You should see log output: Server running on http://localhost:3000. Test the health check endpoint: http://localhost:3000/health.

Troubleshooting Common Startup Errors:

ErrorCauseSolution
Cannot find module './routes'Missing routes/index.js fileCreate src/routes/index.js (Step 10)
connect ECONNREFUSEDPostgreSQL not runningStart PostgreSQL: brew services start postgresql@14 (macOS) or sudo service postgresql start (Linux)
password authentication failedWrong DB credentials in .envUpdate DB_USER and DB_PASSWORD in .env
EADDRINUSEPort 3000 already in useChange PORT in .env or stop conflicting process

Implement Database Models

Set up Sequelize ORM with PostgreSQL and create the User model for storing authentication data.

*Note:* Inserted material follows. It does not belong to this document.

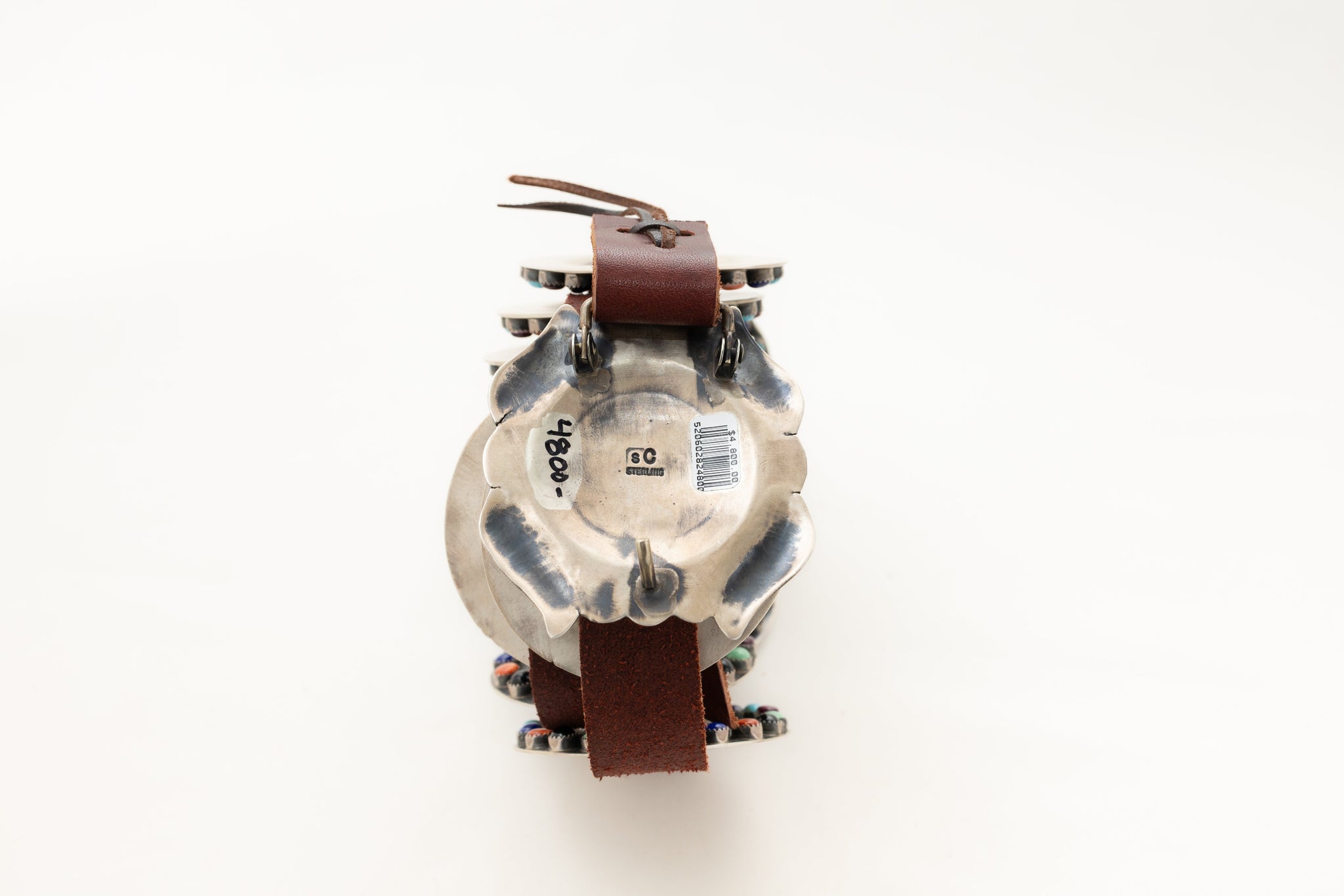 This sterling silver concho belt showcases the skilled craftsmanship of Navajo silversmiths from Gallup, New Mexico. Hand-stamped conchos set with genuine turquoise, coral, lapis, and onyx stones rest on a soft brown leather strap, blending tradition with natural beauty. The oxidized silver highlights intricate details, giving the belt a rich, authentic character. Perfect for those who appreciate genuine Southwestern art, this belt adds timeless charm and heritage to any collection.

Step 1: Initialize Sequelize

Configure Sequelize to use custom directory structure:

javascript
// .sequelizerc
const path = require('path');

module.exports = {
  'config': path.resolve('src', 'config', 'config.json'),
  'models-path': path.resolve('src', 'database', 'models'),
  'seeders-path': path.resolve('src', 'database', 'seeders'),
  'migrations-path': path.resolve('src', 'database', 'migrations')
};

Initialize Sequelize:

bash
npx sequelize-cli init

This creates the directory structure defined in .sequelizerc.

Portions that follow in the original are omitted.